I. The XXI Party Congress

The XXI Special Party Congress met against a background of successes for Nikita Khrushchev. He had consolidated his victory over the "anti-Party group" by removing Bulganin from the Presidium in September 1958; in December he had named as new chief of the KGB A. N. Shelepin. Khrushchev had other reasons for feeling confident. In 1958 the USSR had the best harvest in its history. In November 1958 his threat to hand Berlin over to the East Germans within six months had spread alarm in all Western capitals - though he did not carry through the threat. In January 1959 Fidel Castro had seized Cuba with strong Communist support, and thereafter identified himself with Communism and the USSR.

There had also been several significant domestic innovations of Khrushchev's. In April 1958. just as the American clamor for imitation of Soviet schools was reaching its height, he severely criticized the educational system for failing to meet the needs of socialist construction and called for greater emphasis on physical labor and actual part-time work in factories as part of the curricular pattern; such a program was enacted in December. Actually the program was soon a dead letter, except for the limitation of compulsory schooling to eight years and in its consequence the abandonment of the 1956 decision to extend full secondary education to all. Another important step in agriculture was taken by the abolition of the Machine Tractor Stations, which act the kolkhozy welcomed because it turned over farm machinery to them, but the results were dubious because they had to assume the great financial burden of paying for it and because complex equipment could not be properly maintained on most collective farms.

At the same time a number of collective farms were being converted into state farms called sovkhozy . In 1957 sovkhozy embraced over 25% of the land as against 10% in 1952. A Central Committee warning in February 1958 warned that conversion should not be too hasty. The old Khrushchev notion of the agrogorod, which he discussed again in a speech in his native Village in October 1958, remained on the Soviet agenda as a distant objective. Such developments in the Soviet countryside, pointing in the same direction as the Chinese "people's communes," suggested that the dispute between Khrushchev and Mao was less about goals than about whether the USSR was to be recognized as leading the way there.

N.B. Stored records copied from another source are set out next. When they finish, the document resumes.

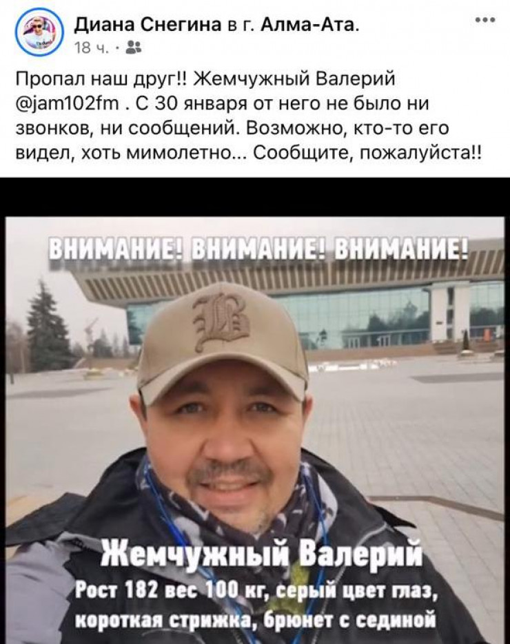 В полиции Алматы сообщили, что заявление о пропаже Валерия Жемчужного поступило 3 февраля. В правоохранительные органы обратилась его мать.
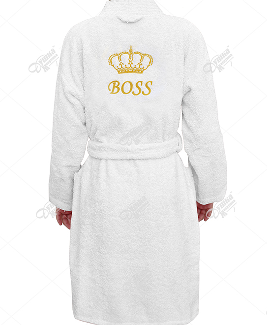 Цвет халата и вышивки может быть любым на ваш выбор. Стиль шрифта и корона будет как на фотографии. Собственная студия машинной вышивки сделает любой халат эксклюзивным и единственным. Машинная вышивка нитками долговечна и не теряет яркость после многочисленных стирок.
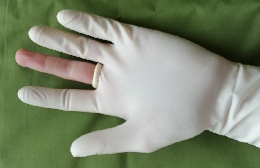 - Klippa av ett finger på steril handske, vira det hårt runt basen på fingret och lås fast med peang
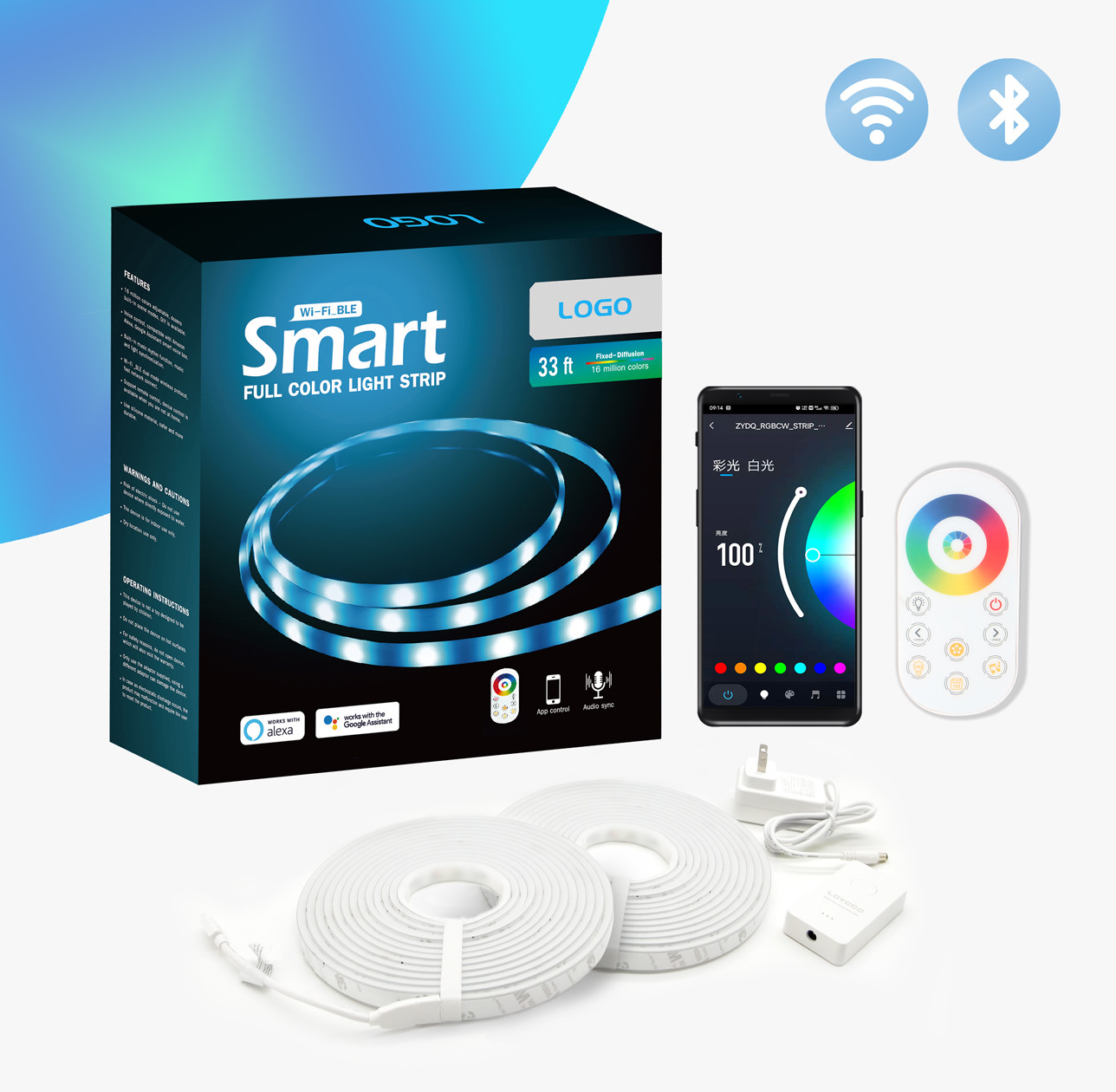 16 millones de colores adjustive, Wi-Fi y protocolo inalámbrico dual de BLE, conexión de red rápida
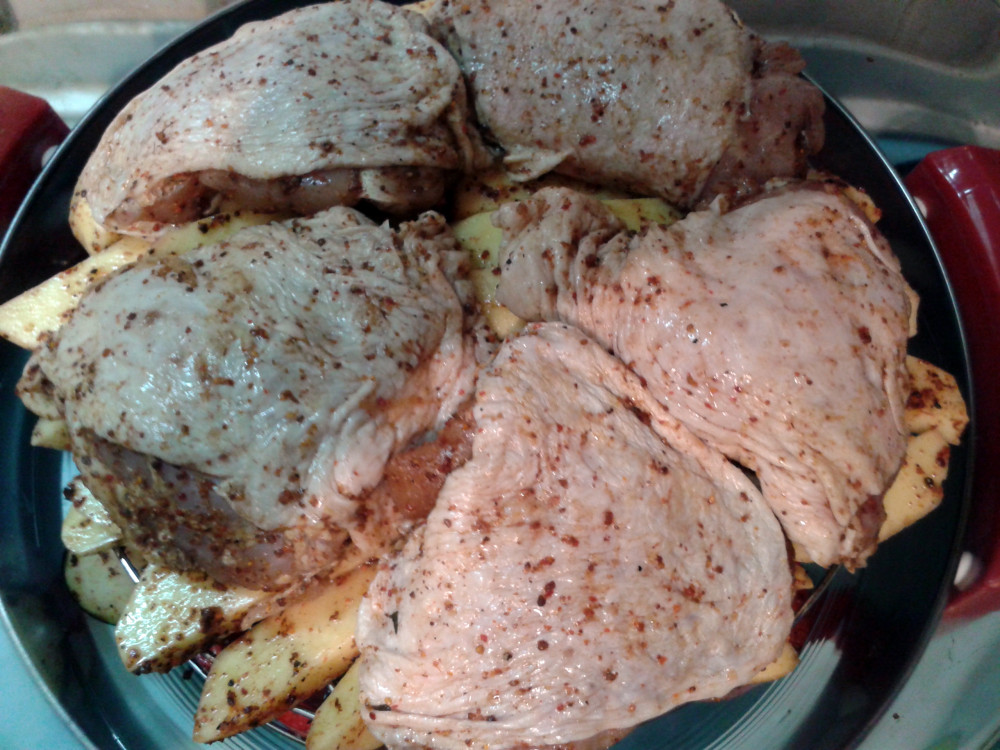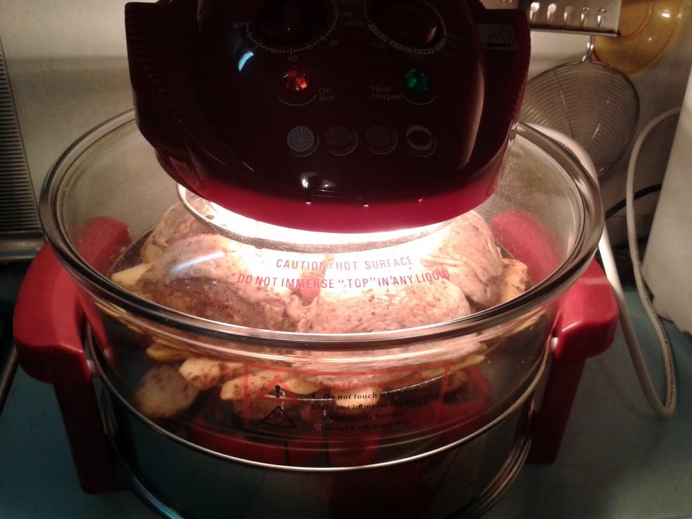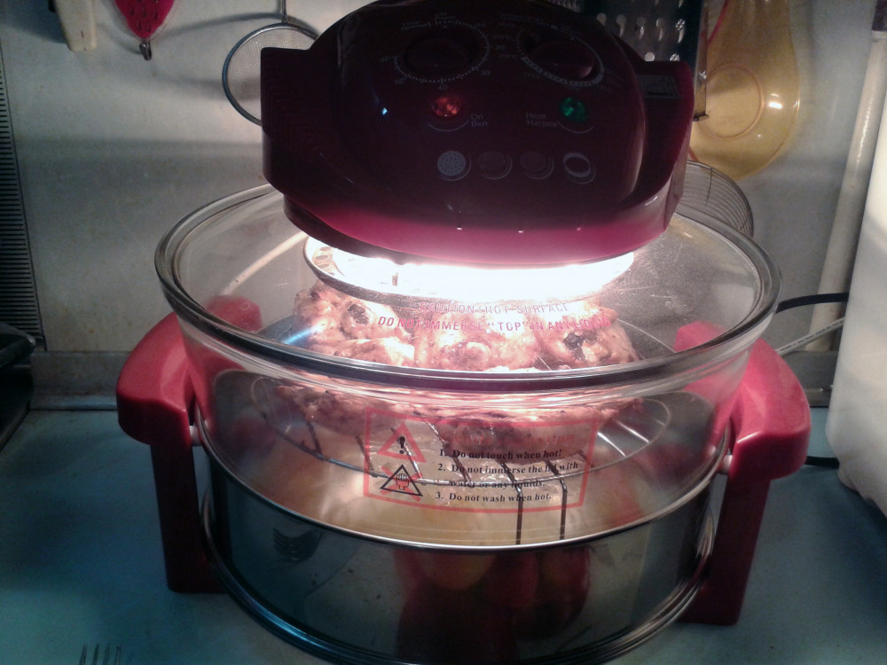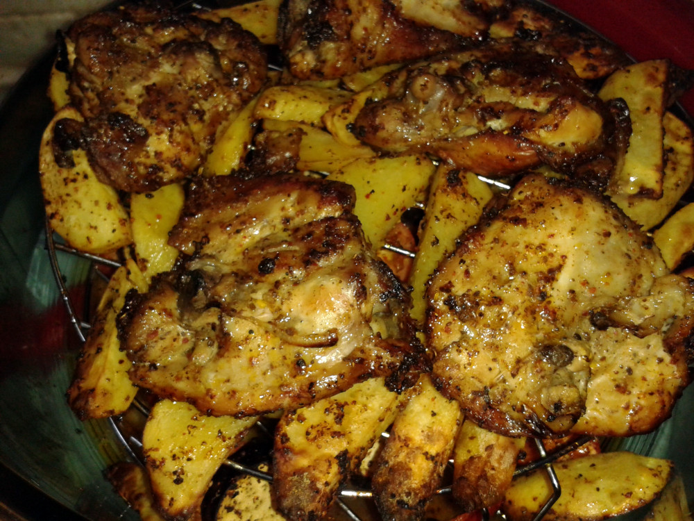 Хочу поделиться уже имеющимся небольшим опытом приготовления в аэрогриле. Если в нем поставить готовить только одно мясо, оно немного пересушивается и уменьшается в размере. Если на нижнюю решетку положить овощи: помидоры, баклажаны, перец, то они дают дополнительное испарение на мясо и оно от этого небольшого пара вздувается, делается красивым и еще более сочным внутри. Картофель лучше порезать толщиной в 1-1,5 см, не толще, и кроме соли и приправ немного капнуть масла и перемешать, а потом уже положить на верхнюю решетку между курицей. Курица готовится 40 минут при самой высокой температуре, а вот картофель после того как снять курицу еще 5 минут.
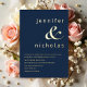 Elegant Navy Blue Ampersand Wedding Gold Foil Invitation.
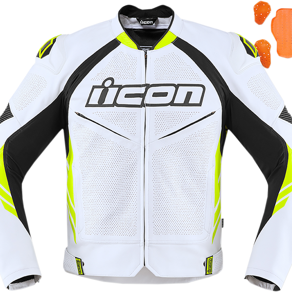 Caracteristicas: 1.1-1.3mm TracSpecª leather and textile, coupled with ICON's Attack Fit A full D3O¨ impact protector package (elbow, shoulder, back) and the accordion leather flex zones Deep chest pockets that double as chest vents, reinforced perforation zones, retro-reflective hits, and a padded microfleece comfort liner collar For the throttle jockey, we've added an internal waist zipper that connects to the Hypersport Primeª pant, perfect for track use. For sizing, please refer to the 2021 Helmet & Apparel catalog.

The XXI Congress, meeting in January-February 1959, represented Khrushchev's attempt to reassert this claim against Mao's challenge. Ostensibly its task was merely to adopt an ambitious Seven-Year Plan, to run from 1959 to 1965, replacing the last two years of the Sixth Five-Year Plan which had more modest targets. Actually the aim was to demonstrate Khrushchev's supremacy in the USSR and the USSR's primacy in the international Communist Movement. Speech after speech attacked Bulganin, Pervukhin, and Saburov as members of the "anti-Party group" and lauded the leadership of Comrade Nikita Sergeevich. Nevertheless the remaining limitations on Khrushchev's power were shown by the fact that Voroshilov remained a full member and Pervukhin a candidate member of the Presidium.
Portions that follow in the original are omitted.